How many people use BOPIS (buy online, pickup in-store)?
About 97.2 million Americans — roughly 34.2% of U.S. consumers — regularly used BOPIS in 2024, and more than 68% of shoppers used it at least once that year. U.S. click-and-collect sales are forecast to reach $154.3 billion in 2025, about 10.5% of e-commerce (Capital One Shopping; eMarketer).
Do most retailers have an omnichannel strategy?
Intent is high but maturity is uneven. 46% of retail executives named omnichannel a top 2025 priority (Deloitte), and 87% of merchants offer BOPIS, but only about 17% rate their unified-commerce capabilities as fully mature (latest available, 2025).
How much better do multi-channel marketing campaigns perform?
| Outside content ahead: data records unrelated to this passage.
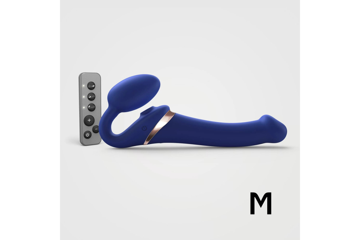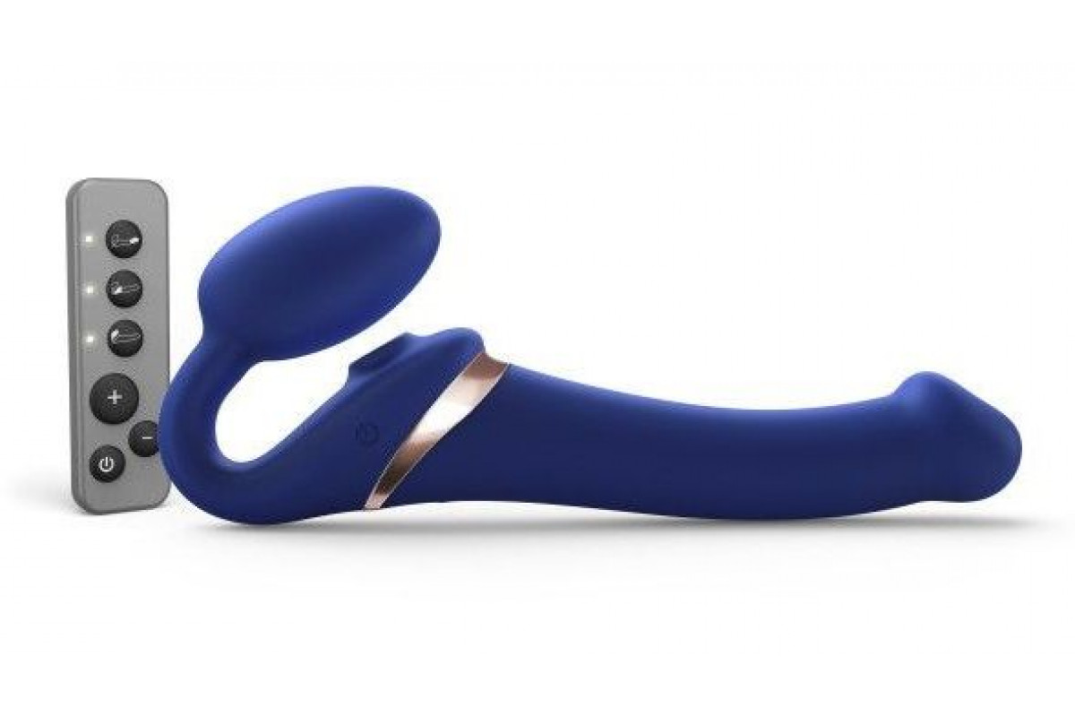 Синий безремневой страпон Multi Orgasm Size M с клиторальной стимуляцией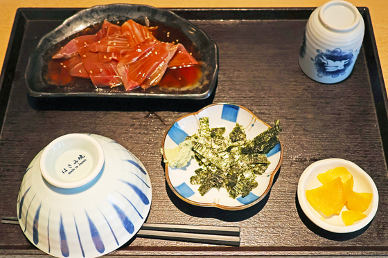 漬けになった鰤と御飯、海苔、山葵、出汁が出てきます。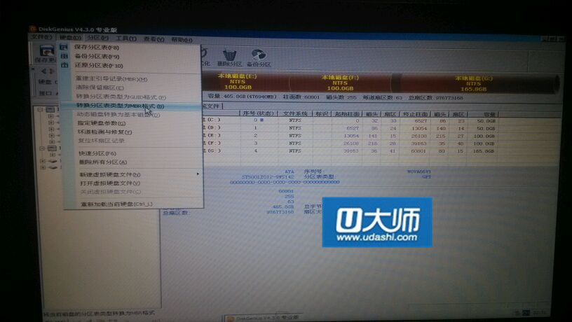 第四步.用pe的diskgenius重建分区为mbr:提示:无法转换到mbr分区表
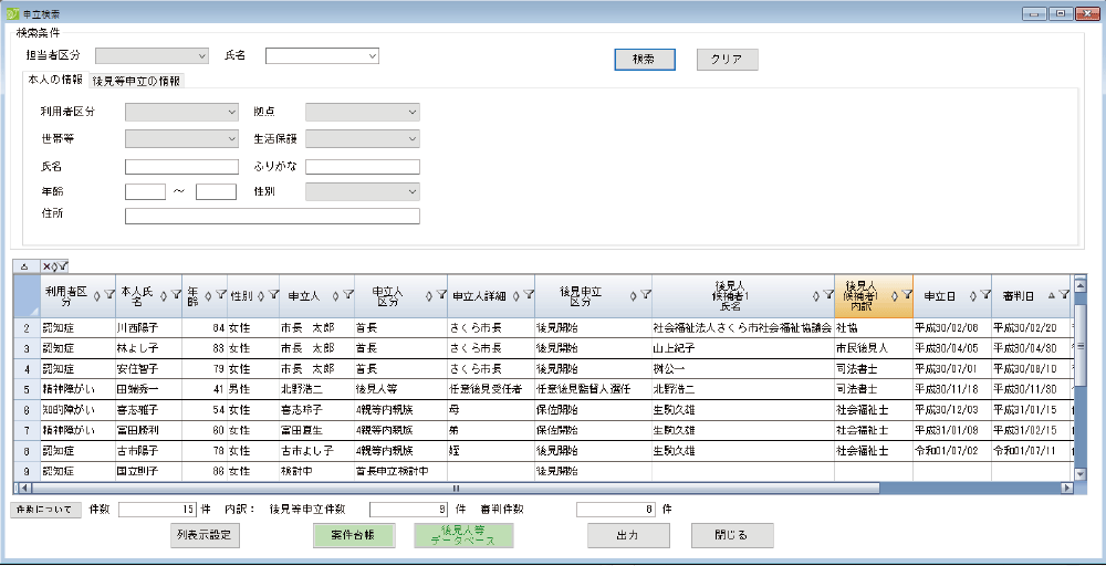 後見人等候補者の情報は、「後見人等データベース」を呼び出して入力も可能です。(直接入力も可能)また、管理・集計したい任意のデータも登録が可能です。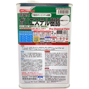 スチレン拡散量が1/3以下で硬化後の臭いが少ない積層、脱泡の作業性が高く硬化後の収縮も少なく仕上がりも綺麗耐水・耐候・耐酸性に優れ、鉛・ヨット・スキー・スノーボード補修に。積層作業時のパラフィン削除作業がいりません。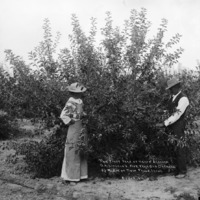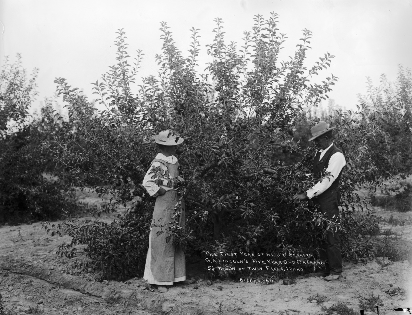 - "First year of Heavy Bearing. G.A. Lincoln's 5 year old Orchard, 5 1/2 miles southwest of Twin Falls, Idaho;" man and a woman near a fruit tree.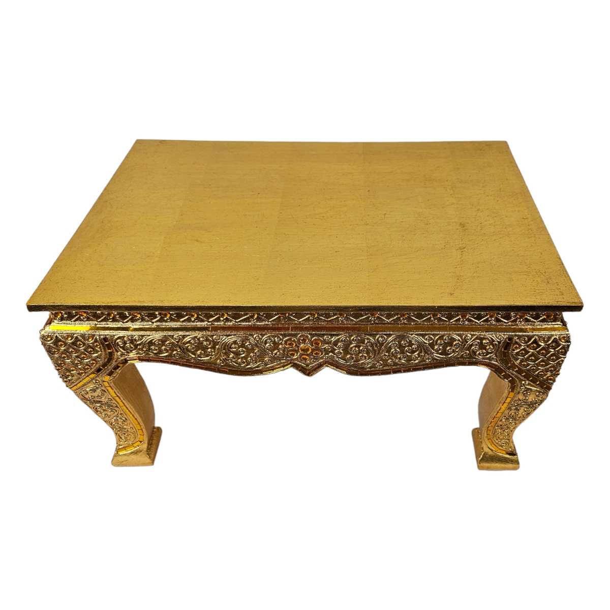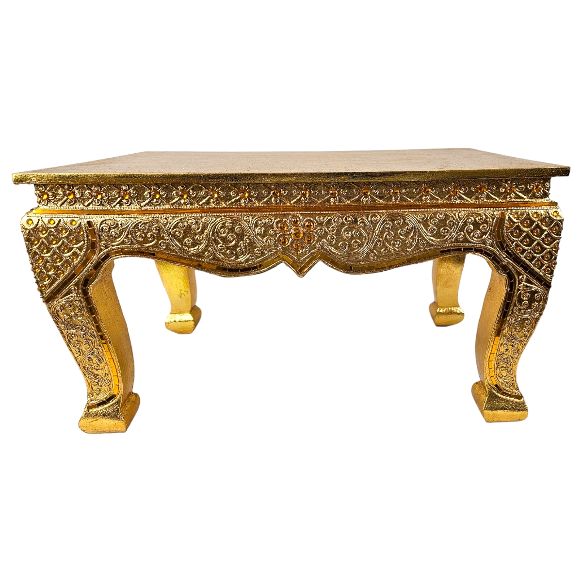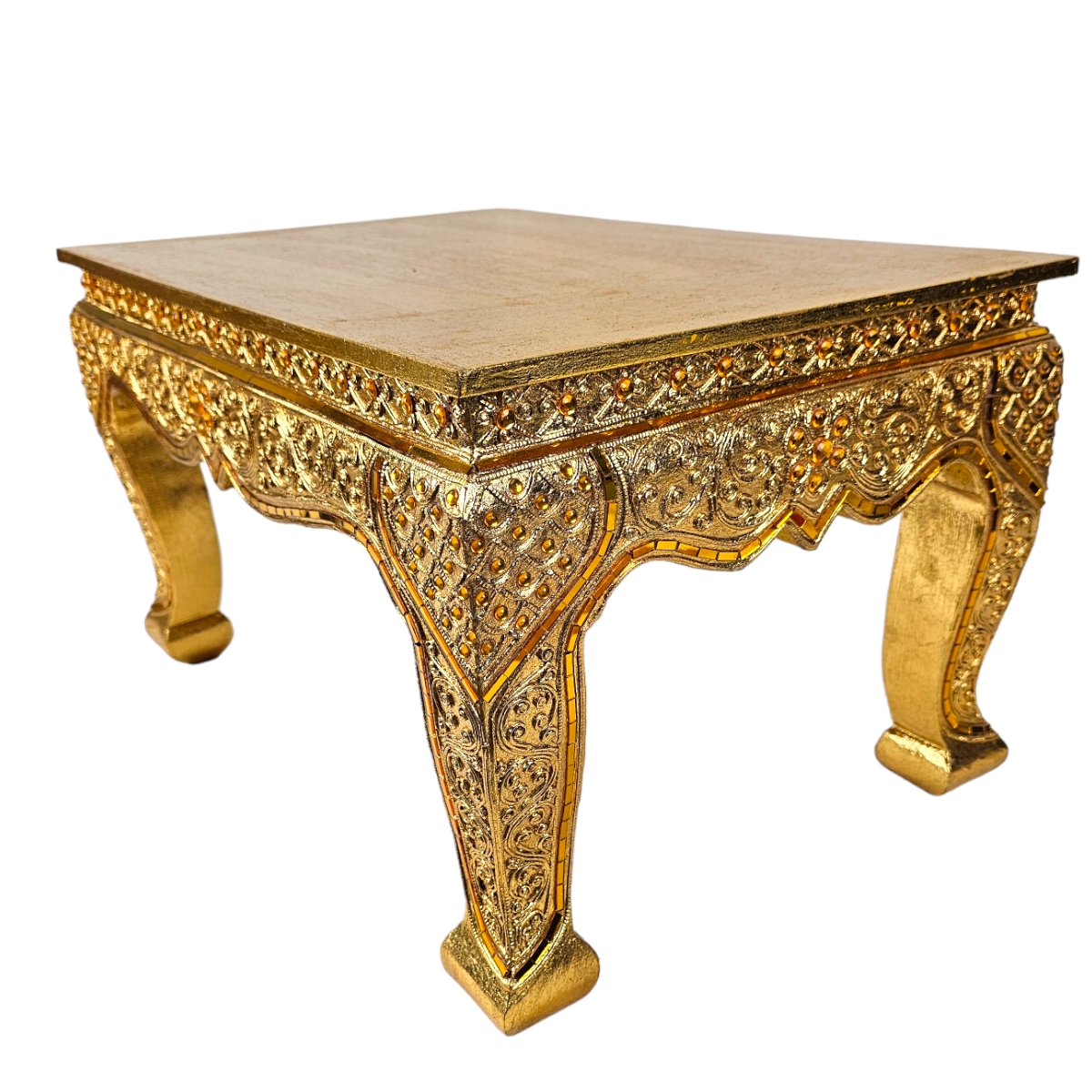 "Entdecken Sie den unvergleichlichen Charme dieses handgefertigten Beistelltisches aus Thailand. Mit seinem goldenen Farbton und den kunstvoll eingearbeiteten Mosaiksteinen wird er sofort zum Hingucker in jedem Raum. Durch seine handgefertigte Herstellung strahlt er ein einzigartiges, exotisches Flair aus, das Sie in ferne Welten entführt. Setzen Sie einen Hauch von Luxus in Ihr Zuhause mit diesem wunderschönen Beistelltisch."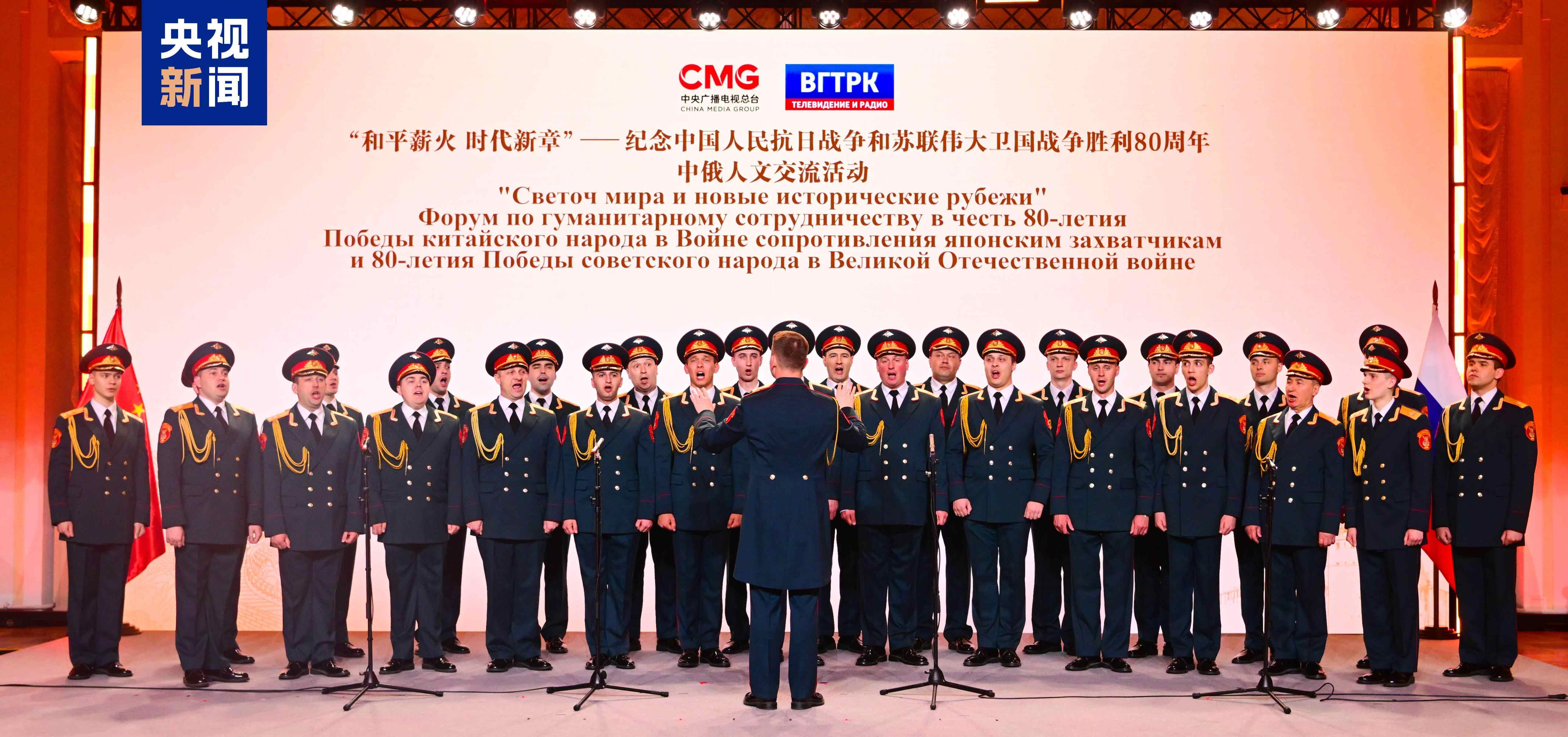 俄罗斯亚历山德罗夫红旗歌舞团现场用中俄双语倾情演唱中国歌曲《游击队歌》和俄罗斯歌曲《胜利日》,热烈欢迎中国国家主席习近平对俄罗斯进行国事访问并出席纪念苏联伟大卫国战争胜利80周年庆典,以歌声铭记历史、传递和平,赓续中俄传统友谊。

Campaigns using three or more channels post a 494% higher order rate (0.83% vs. 0.14%) and a 18.96% engagement rate versus 5.4% for single-channel campaigns, according to Omnisend's 2025 ecommerce marketing report.
How fast is click-and-collect growing?
U.S. click-and-collect sales grew an estimated 16.2% from 2024 to 2025 — faster than e-commerce overall — and eMarketer projects continued double-digit annual growth through 2030, reaching well over $290 billion by decade's end.
Sources
- Omnisend — 2025 Ecommerce Marketing Report
- Capital One Shopping — Omnichannel Statistics (2026)
- Capital One Shopping — BOPIS Statistics (2025)
- eMarketer — U.S. Click-and-Collect Sales, 2020–2025
- Statista — U.S. Click-and-Collect Retail Sales Value
- Deloitte — 2025 US Retail Industry Outlook
- McKinsey — What is omnichannel marketing?